На экране оттепели текст картины проступает в момент понимания зрителем не только эволюции каждого из компонентов. Важно прочесть его в смысловой целостности мифологической триады: герой – дом – дорога. Эти составляющие неразрывно между собой связаны.
Время перемен, реальная жизнь социума, отношения человека и власти, психотип общества существенно повлияли на художественное сознание, запечатлённое искусством оттепели.
С каждым десятилетием не только старше становится герой. Кинотекст переосмысливает обстоятельства, в которых он при этом оказывается.
Для молодого героя домом казалось всё окружающее пространство. Мир открылся, исчезли стены, рухнули перегородки…

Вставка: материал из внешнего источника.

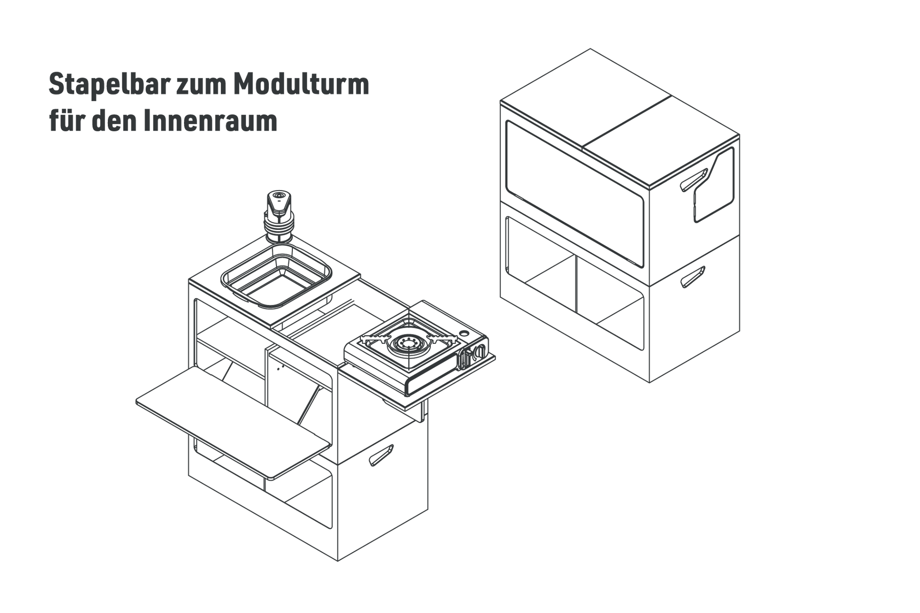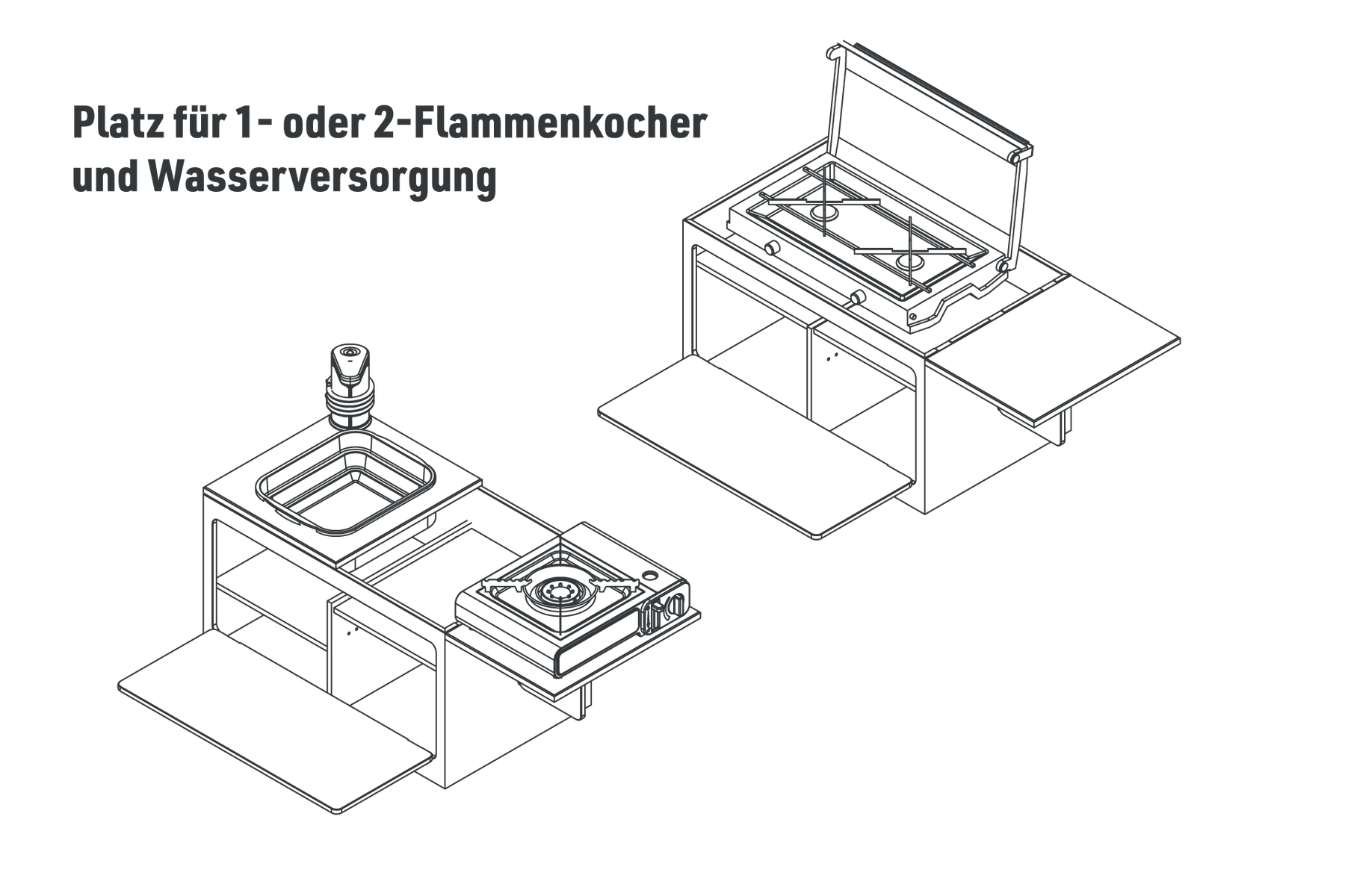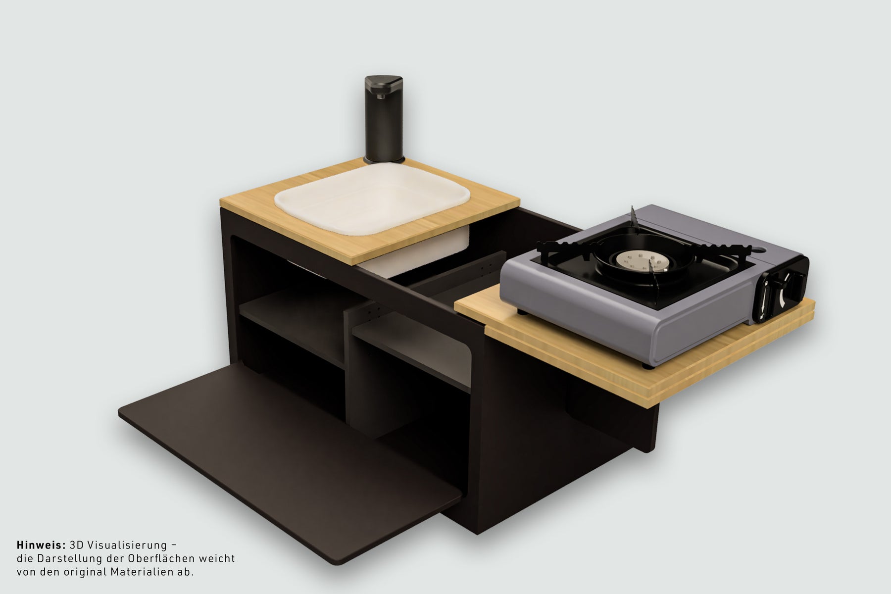 Modul mit großem Staufach mit Tür, ein Fach für Besteck oder Gaskocher, ein Fach für Abwasserkanister, eine aufklappbare Bambusplatte. Es sind zwei verschiedene Wasseroptionen möglich. 12V Stromversorgung über komfortable Magnetstecker und Filzeinlagen für klapperfreies Verstauen. Dieses Modul kann auf andere Module gestapelt und miteinander bzw. am Schienensystem fixieren.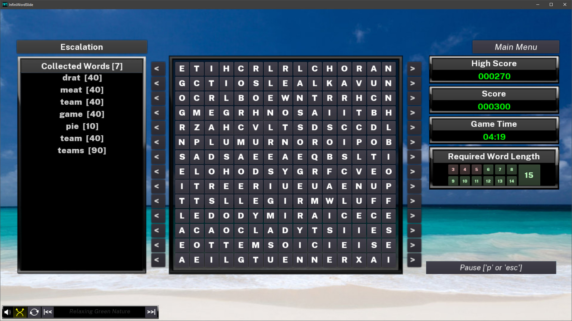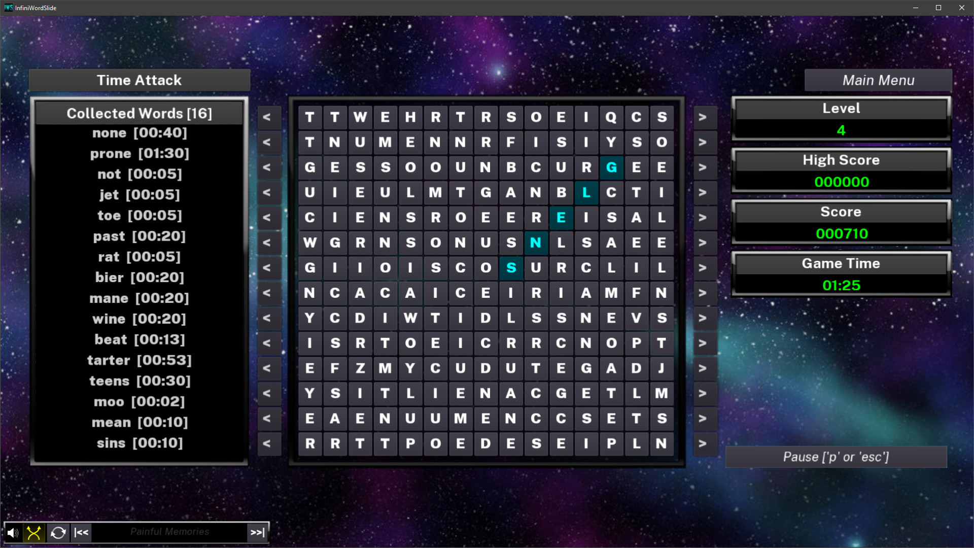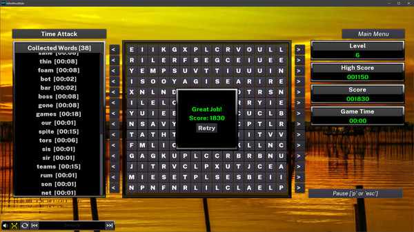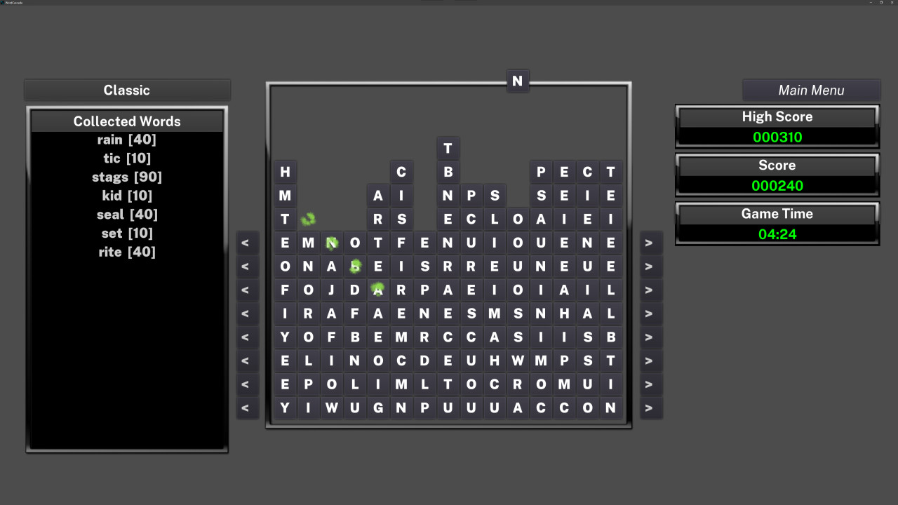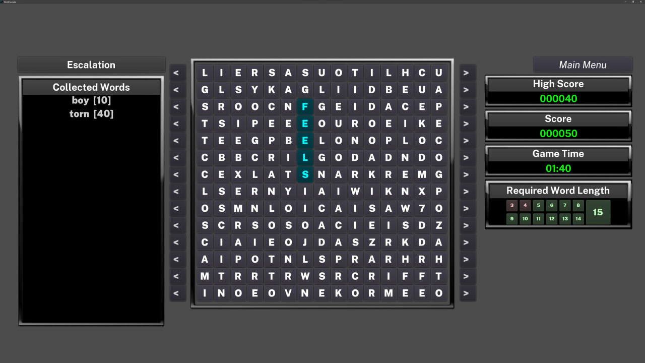 Midway between the word search and the *tris games, this game challenges your mastery of the language, your ability to strategize, your reaction time and your attention to detail. In the Classic mode, you must race the clock to find words on the grid and prevent the ever falling letters from reaching the top of the screen. Filled rows will let you slide sideways, a real key to staying alive! In contrast, the Zen mode gives you an eternally filled grid where your only goal is to find as many words as you want, at your leisure. If you'd rather play with a full grid, yet keep the pressure on, the Time Attack mode might be what you're looking for. Finally, the Escalation mode will reward your ability at making long words, for queuing small ones will mark the end of the game. Infinite gameplay, no real upper score, simple controls and clear mechanics makes this a fun arcade game without any cheap continues. More to come very, very soon.

Десятилетием позже кинематограф заговорил о необходимости пристанища для человека.
Дом снова видится защищающей крепостью, а дорога к нему – процесс поисков разрешения внутреннего конфликта на десять лет повзрослевшего «представителя».
80-е по-своему завершили эволюцию художественной системы фильма, запечатлев на экране духовный мир целого поколения… Чаще это теперь движение по кругу, одновременно говорящее о бессмысленности, о своего рода цикличности, о знаковой бесконечности.
В 1981 году, в ходе репетиций на сцене театра Ленком спектакля «Юнона и Авось» его автор, поэт А. Вознесенский, дополнил текст стихотворной пьесы предсмертным монологом своего героя – графа Резанова. Его лейтмотив: «Мы – дети полдорог…».
А последними стали строки:
Насыщение базовой модели реальными смыслами
В самом начале 80-х не только театр или поэзия, музыка, репортёрски активное фотоискусство, живопись отражают состояние общественного сознания и самочувствия. Наиболее заметные кинопроизведения, оказывается, легко расположить в своего рода систему значений, явленных каждый раз в индивидуальной, художественно завершённой структуре экранной образности. С той оговоркой, что ориентация на поэтическую образность всё заметней конкретизируется на территории, где, чуть потеснив собственно стихотворную стихию, нарастает влияние авторской песни, рок-поэзии, активно воспринимаемых аудиторией разновидностей музыкально-поэтической молодёжной культуры.
Хотя, конечно же, не всё казалось тогда столь очевидным.
В 1980–1981 годы из наиболее заметных экранных событий выделяются, напомним, «Несколько дней из жизни И. И. Обломова» Н. Михалкова, «Осенний марафон» Г. Данелии (оба автора причастны к рождению одного из ярчайших шедевров начала оттепели «Я шагаю по Москве»), «Охота на лис» В. Абдрашитова, «Из жизни отдыхающих» Н. Губенко.
Эти картины, выше подробно проанализированные, бесспорно представляют собой явление искусства, существуют как бы отдельно и никак не соприкасаются с другими сюжетами, реализованными рядом.
Однако ведь не отделаться от ощущения, что все их роднит нечто общее. Что?
Беспокойство и какая-то душевная неустроенность. Инертность человека перед необходимостью хоть что-то переменить в своей жизни, разобщённость при самом, казалось бы, тесном общении с окружающими…
И всё же перед нами всякий раз своеобразный, удивительной проникновенности художественный мир.
Н. Михалков ассоциирует внутреннее пространство с живописной пластикой российского пейзажа, ритмы чередования пейзажных планов образуют некую мелодическую композицию. Она поддержана звучащей за кадром музыкой, хотя вполне достойна возместить её роль самостоятельно. И детальные крупные изображения, напоминающие натюрморты («Особенно рябина…» у М. Цветаевой), поэтически рифмуются с настроением героя.
То есть базовые концепты фильма облачены в конкретику звуко-визуального образа реального пространства привлечением выразительных свойств родственных кинематографу искусств.
Только не надо отделять их одно от другого.